Khartoum : opprobre et disgrâce

Afriquecentrale.info

Afriquecentrale.info, 11 Septembre 2006

Le secrétaire général de l’Onu, Kofi Annan, a condamné lundi devant le Conseil de sécurité les nouvelles violences au Darfour, notamment le recours aux bombardements aériens par les forces gouvernementales, en violation des accords de paix existants.

Lors d’un débat public, les membres du Conseil ont exprimé leur exaspération devant la persistance du refus du gouvernement soudanais d’autoriser le déploiement d’une force de l’Onu au Darfour pour aider à stabiliser la province et protéger les civils.

Affirmant que "la tragédie du Darfour a atteint un moment critique" et "mérite toute l’attention du Conseil et une action urgente", M. Annan a dénoncé la reprise des combats, en particulier dans le nord du Darfour, entre factions rebelles.

"Des milliers de forces gouvernementales ont été déployées dans ce secteur, en claire violation de l’accord de paix du Darfour", signé en mai dernier entre Khartoum et une partie des rebelles, a-t-il déploré.

"Pire encore, la zone a subi de nouveaux bombardements aériens. Je condamne fermement cette escalade. Le gouvernement doit cesser son offensive immédiatement et s’abstenir de tout acte similaire", a-t-il ajouté.

Rappelant la "responsabilité sacrée" du gouvernement de protéger sa propre population, M. Annan l’a de nouveau averti qu’il serait "tenu responsable" de toute nouvelle catastrophe humanitaire au Darfour.

"Il subira l’opprobre et la disgrâce aux yeux de toute l’Afrique et de la communauté mondiale. De plus, ni ceux qui décident d’une telle politique, ni ceux qui la mettent en oeuvre ne doivent s’imaginer qu’ils ne devront pas rendre des comptes", a-t-il souligné.

Plusieurs délégations ont dénoncé ce qu’elles considèrent comme l’"intransigeance" de Khartoum et souligné l’inquiétude que suscite l’envoi de renforts militaires soudanais au Darfour, en proie depuis plus de trois ans à une guerre civile qui a fait jusqu’à 300.000 morts et 2,5 millions de déplacés.
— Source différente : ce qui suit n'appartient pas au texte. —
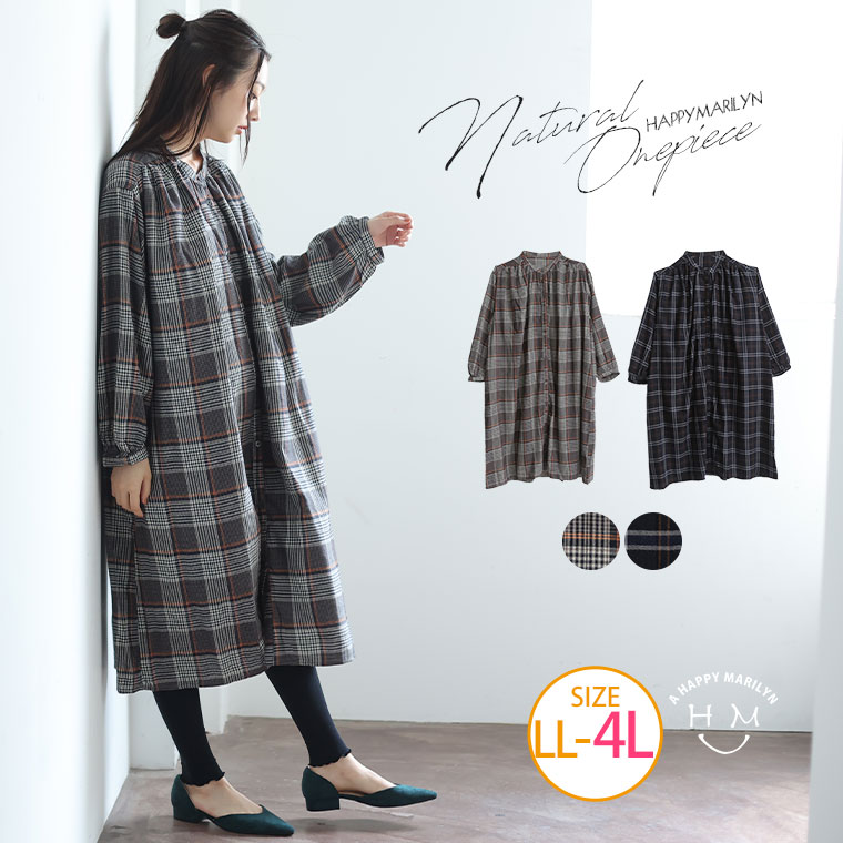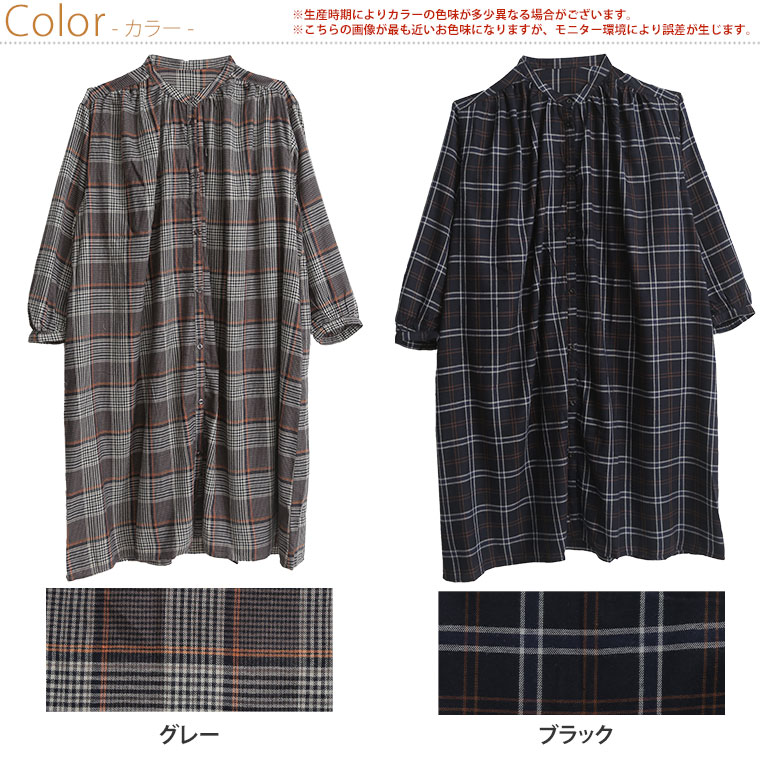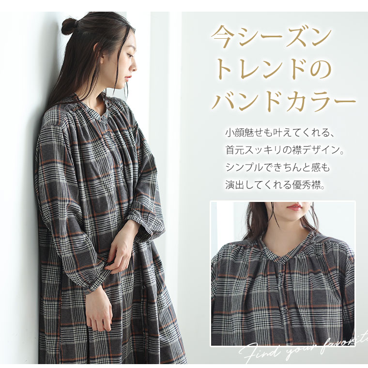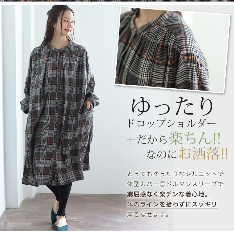 とろみ生地 ネルチェックワンピース

Elles ont appelé le gouvernement soudanais à revenir sur sa position résolument hostile à la résolution 1706, qui prévoit le transfert à une force de l’Onu d’un maximum de 20.000 hommes des responsabilités de l’actuelle force de l’Union africaine (UA), sous-financée et mal équipée.

Le Soudan, tout en rejetant "catégoriquement" la résolution 1706, s’est dit prêt samedi à poursuivre le dialogue avec la communauté internationale.

Des représentants de l’UA, de la Ligue arabe et de l’Organisation de la conférence islamique (OIC) ont participé au débat au Conseil de sécurité.